Mevacor review by 52 year old female patient
		Rating
Overall rating:
Effectiveness:		Marginally Effective
Side effects:		Extremely Severe Side Effects
		Treatment Info
Condition / reason:		originally brain lesions then lower cholesterol
Dosage & duration:		10 mg increased to 20mg taken nightly for the period of 3 years
Other conditions:		multiple schlerosis
Other drugs taken:		imipramine & wellbutrin
		Reported Results
Benefits:		I believe the treatment at the lower 10 mg dose was effective in reducing the serverity of my brain lesions. I also believe I was thinking more clearly afterwards than I was prior to starting on lovastatin. A brain MRI taken a year after starting on Lovastatin indicated the lesions had reduced a bit, but that was not confirmed by my doctor as my previous MRI had been lost when I changed doctors.
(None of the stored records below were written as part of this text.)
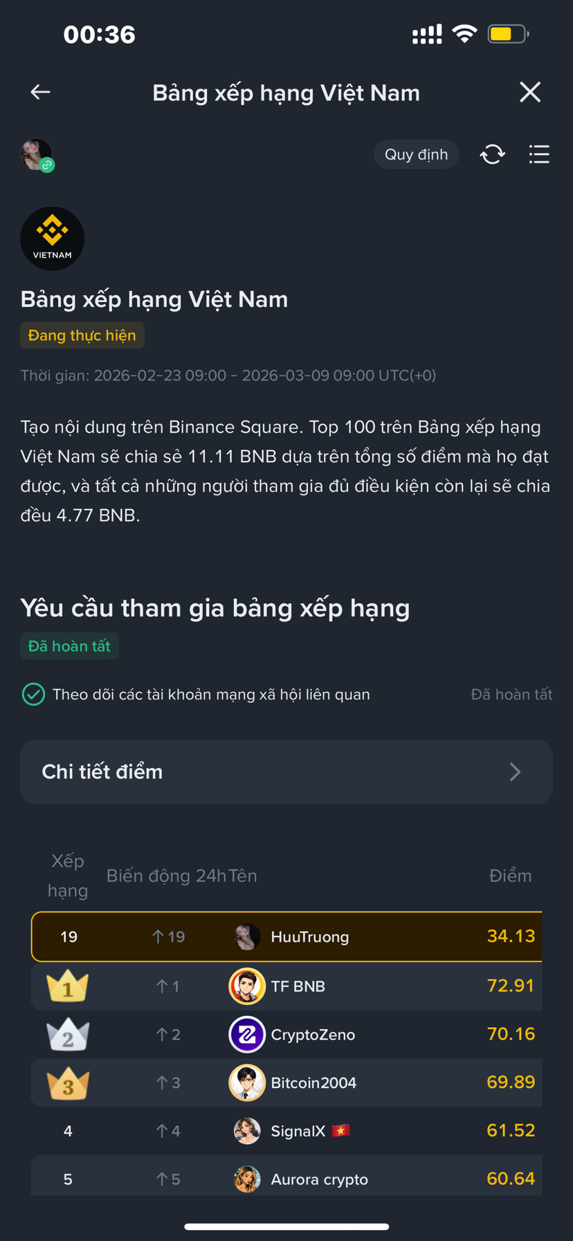 • Punctajul de astăzi va fi procesat și actualizat a doua zi pe tabloul de clasament. ([Binance][1])
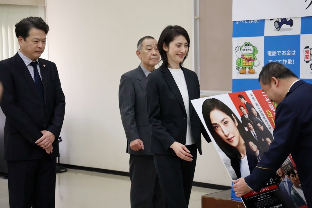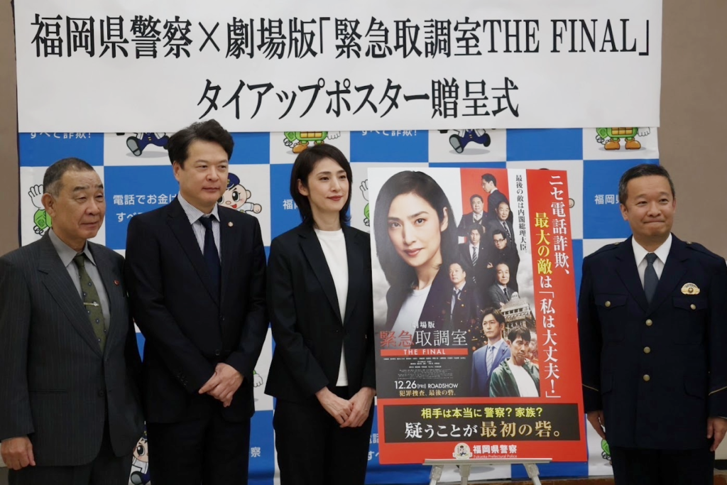 さらに翌日1月13日(火)には、福岡県警察にて劇場版「緊急取調室 THE FINAL」とのタイアップポスターの贈呈式が行われ、天海祐希、田中哲司、でんでんが福岡県警を表敬訪問しました。天海は今回のタイアップについて「人を信じることは凄く大切なことですが、信じるに値しない人もいて、そこをはき違えずに自分で見抜く力、おかしいなと思ったらそこに突き進んではいけないという事を一人一人が注意しなければいけないなと思います。」と語り、タイアップポスターを贈呈しました。
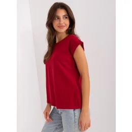 Tričko MaroonFire. Dámské bavlněné tričko Basic se zajímavě střiženým výstřihem na zádech je skutečným hitem této sezóny. Hladká jednobarevná dámská trička v naší základní kolekci sází na minimalismus a lákají na obrovskou paletu módních barev. Díky velkému výběru barev a velikostí si každý z vás jistě najde něco, co mu bude vyhovovat! Toto základní tričko chytře kombinuje pohodlný tvar s ženskými prvky: má volnější střih, který je šetrný k ženské postavě, takže neomezuje v pohybu, a navíc má na zádech trojúhelníkový výstřih, který mu dodává spoustu půvabu. Základní tričko, jako je toto, je ideální nejen na jaro a léto, ale skvěle poslouží po celý rok, protože je dokonalým základem každého oblečení. Můžete ji nosit samostatně k módním sukním nebo kalhotám s vysokým pasem nebo pod módní mikiny a přechodné bundy z naší kolekce. O něco delší a volnější střih trička vám nabízí více možností, jak ho stylizovat, protože jeden okraj můžete svázat do módního uzlu nebo přebytečnou látku zastrčit do kalhot. Představené dámské tričko se od ostatních triček odlišuje také ženským velkým výstřihem ve tvaru písmene V na zádech. Takový design vypadá na siluetě velmi atraktivně a žensky, zároveň je velmi pohodlný pro každodenní nošení a rozhodně upoutá pozornost, přestože je součástí minimalistické základní kolekce.

Side effects:		After increasing the dosage to 20 mgs to also reduce my cholesterol levels, I started to experience extreme pain in my arm muscles.
Comments:		Originally I started taking it to see if it would have any positive effect on the number and size of brain lesions I had. I had experienced an increasing inability to handle job stress, was losing my concentration abilities and was becoming increasingly forgetful. I believe it did have some positive effect in reducing the size and number of brain lesions, but not to the effect of improving my cognitive thinking ability to the extent I could return to work. Two years later, my doctor wanted me to increase the dosage to reduce my cholesterol levels. Shortly after increasing my dosage, I started to experience chronic pain in my arms. I finally did some research and discovered muscle pain to be a "side effect" when taking statin drugs. When I stopped taking Lovastatin, the pain went away after a few months.